* _Task prompt_
Your answer should hold exactly the lines below from the line with "西安明城墻下春花盛開(kāi)(4月1日攝,無(wú)人機照片)。" through the line with "쌤포인트가 부족할 경우", both included, and no pictures at all.

* _Records for processing_
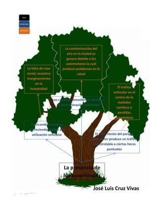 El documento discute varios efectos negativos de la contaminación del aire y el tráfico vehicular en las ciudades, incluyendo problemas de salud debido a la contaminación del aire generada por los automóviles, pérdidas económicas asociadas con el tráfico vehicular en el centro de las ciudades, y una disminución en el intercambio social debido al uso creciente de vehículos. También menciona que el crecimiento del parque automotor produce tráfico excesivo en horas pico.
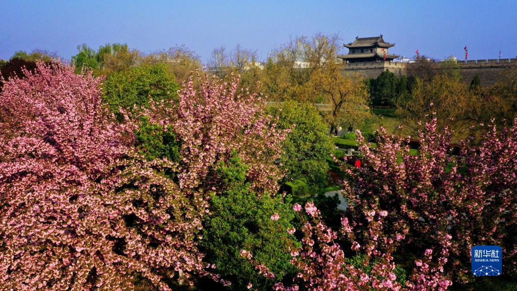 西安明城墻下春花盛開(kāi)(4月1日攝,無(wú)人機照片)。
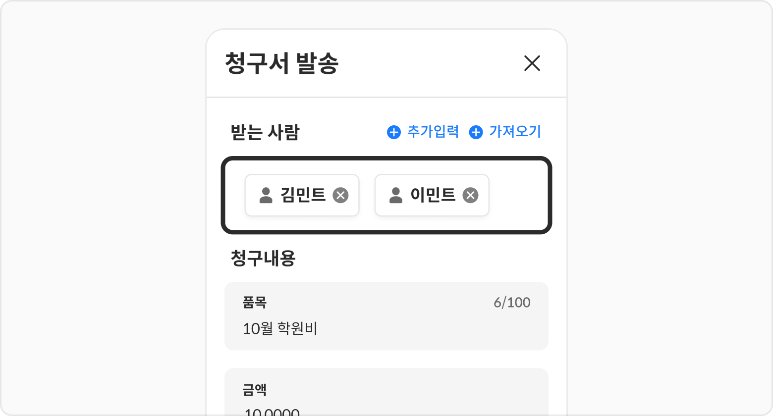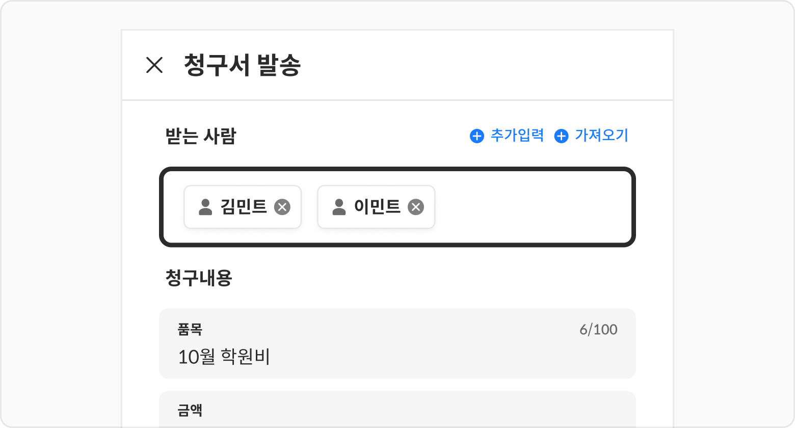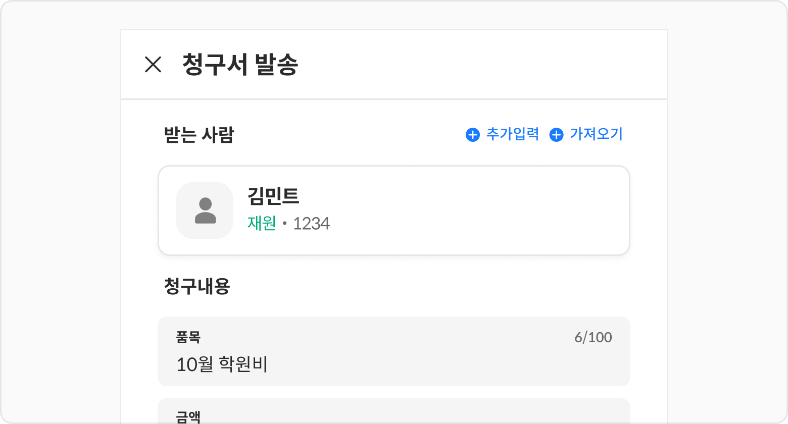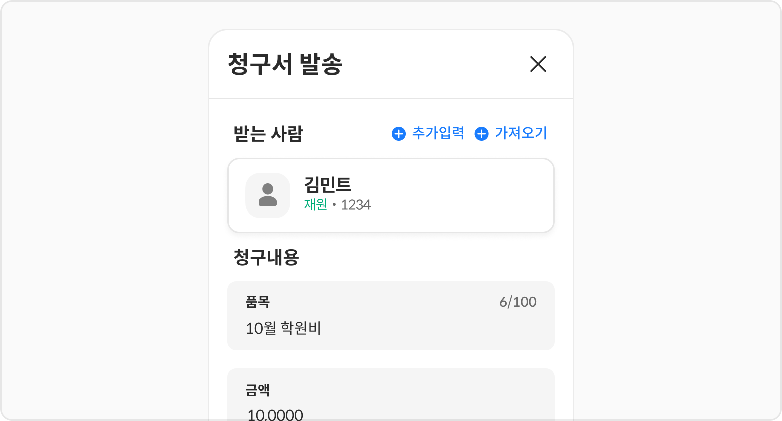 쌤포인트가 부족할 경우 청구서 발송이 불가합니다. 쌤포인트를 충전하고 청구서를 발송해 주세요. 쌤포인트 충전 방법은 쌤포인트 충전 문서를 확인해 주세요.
==
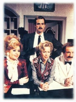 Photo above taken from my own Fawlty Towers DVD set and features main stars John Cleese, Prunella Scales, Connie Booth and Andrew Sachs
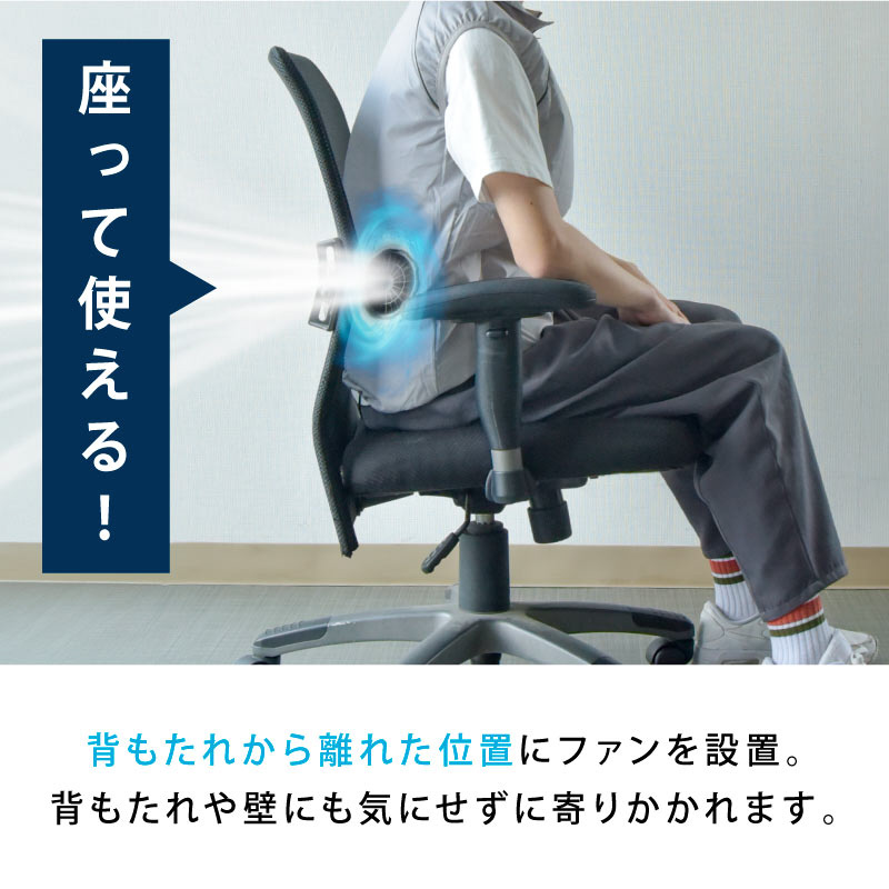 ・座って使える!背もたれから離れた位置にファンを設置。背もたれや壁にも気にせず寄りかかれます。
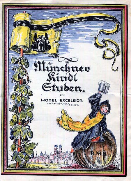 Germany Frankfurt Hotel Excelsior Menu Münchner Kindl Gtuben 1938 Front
* * *
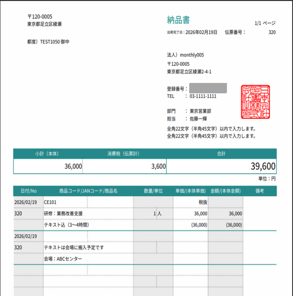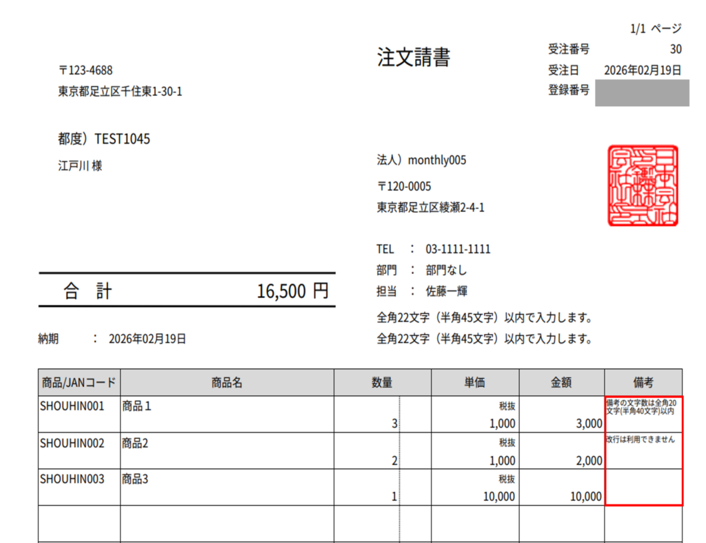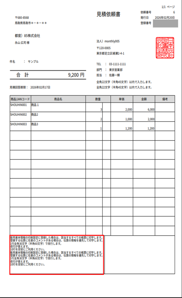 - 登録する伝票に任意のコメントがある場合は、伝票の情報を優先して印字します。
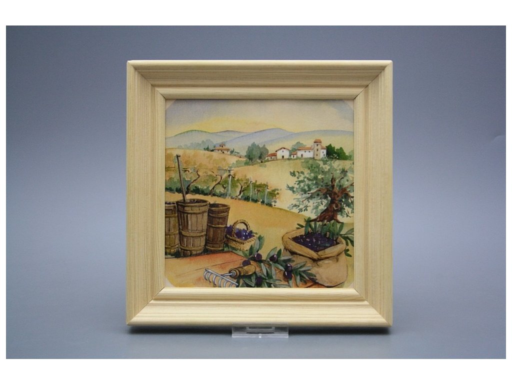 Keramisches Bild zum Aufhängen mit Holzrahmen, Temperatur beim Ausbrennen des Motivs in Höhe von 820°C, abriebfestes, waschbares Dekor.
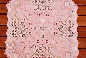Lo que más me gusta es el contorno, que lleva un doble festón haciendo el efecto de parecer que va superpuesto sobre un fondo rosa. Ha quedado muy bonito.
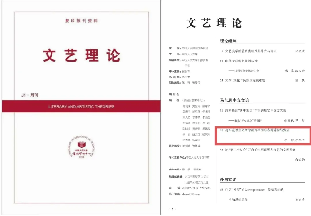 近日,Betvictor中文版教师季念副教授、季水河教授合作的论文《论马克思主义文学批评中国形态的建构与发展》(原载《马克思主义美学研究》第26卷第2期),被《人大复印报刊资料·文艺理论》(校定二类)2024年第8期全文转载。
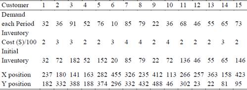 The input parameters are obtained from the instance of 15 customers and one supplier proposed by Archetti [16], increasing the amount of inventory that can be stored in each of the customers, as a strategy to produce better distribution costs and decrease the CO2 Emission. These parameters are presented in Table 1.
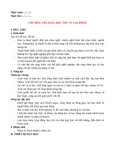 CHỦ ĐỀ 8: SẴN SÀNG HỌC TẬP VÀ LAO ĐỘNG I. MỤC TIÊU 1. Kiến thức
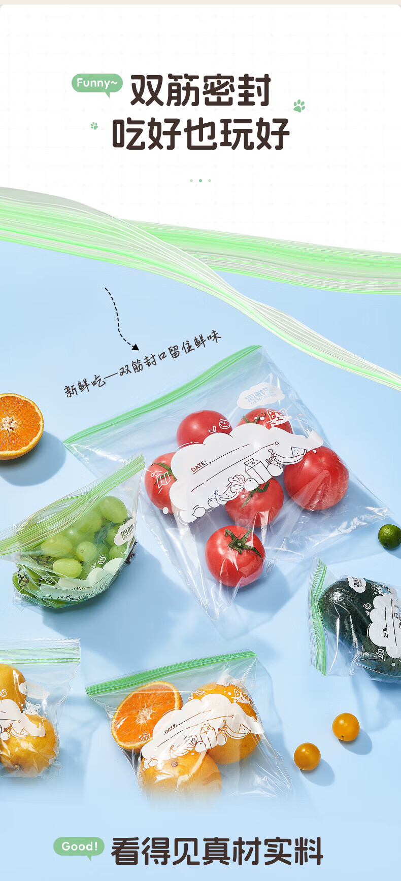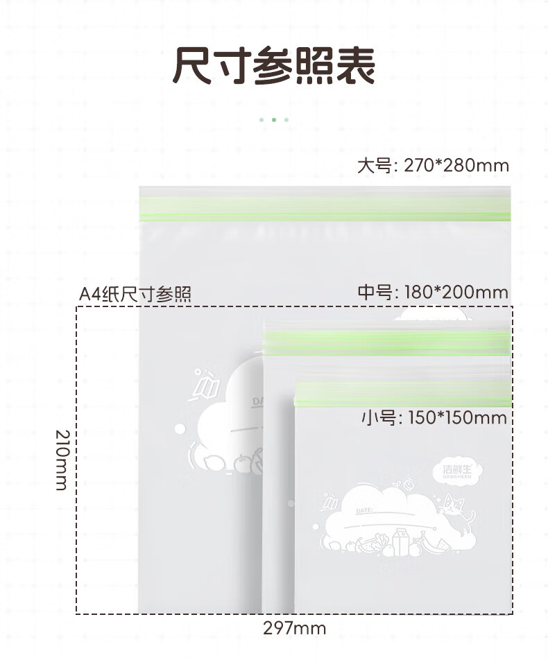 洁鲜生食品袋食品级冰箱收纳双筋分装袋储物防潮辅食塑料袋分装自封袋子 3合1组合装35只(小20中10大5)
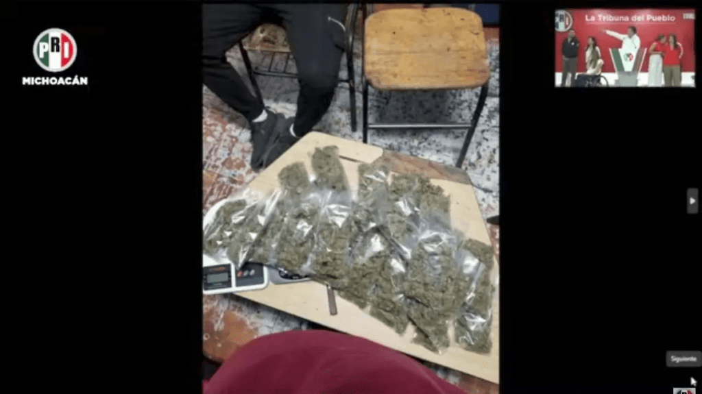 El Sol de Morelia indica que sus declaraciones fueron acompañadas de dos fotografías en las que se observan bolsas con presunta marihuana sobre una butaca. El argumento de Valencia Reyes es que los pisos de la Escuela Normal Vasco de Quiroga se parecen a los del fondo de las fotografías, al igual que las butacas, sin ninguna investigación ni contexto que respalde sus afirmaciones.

* _Written solution_
 西安明城墻下春花盛開(kāi)(4月1日攝,無(wú)人機照片)。
 쌤포인트가 부족할 경우 청구서 발송이 불가합니다. 쌤포인트를 충전하고 청구서를 발송해 주세요. 쌤포인트 충전 방법은 쌤포인트 충전 문서를 확인해 주세요.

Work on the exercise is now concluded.